- [TASK INSTRUCTIONS]:
Should a line in the entries below contain "Woodbine", return that line.

- [EXERCISE INPUTS]:
__________

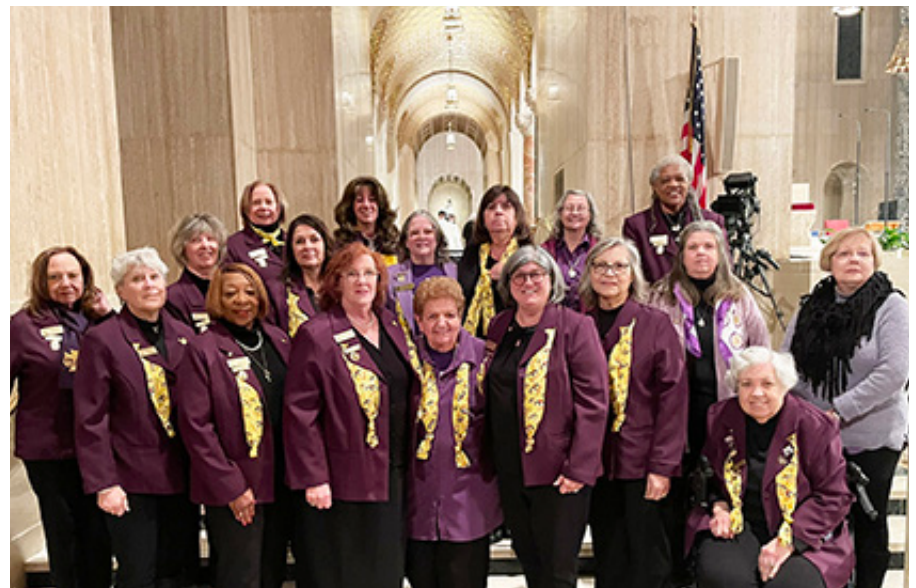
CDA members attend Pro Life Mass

__________

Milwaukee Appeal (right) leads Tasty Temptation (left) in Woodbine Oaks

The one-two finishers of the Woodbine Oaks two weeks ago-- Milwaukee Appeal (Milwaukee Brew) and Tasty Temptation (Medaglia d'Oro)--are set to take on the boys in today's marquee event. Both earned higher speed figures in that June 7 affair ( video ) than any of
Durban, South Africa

__________

- [REPLY]:
Milwaukee Appeal (right) leads Tasty Temptation (left) in Woodbine Oaks
The one-two finishers of the Woodbine Oaks two weeks ago-- Milwaukee Appeal (Milwaukee Brew) and Tasty Temptation (Medaglia d'Oro)--are set to take on the boys in today's marquee event. Both earned higher speed figures in that June 7 affair ( video ) than any of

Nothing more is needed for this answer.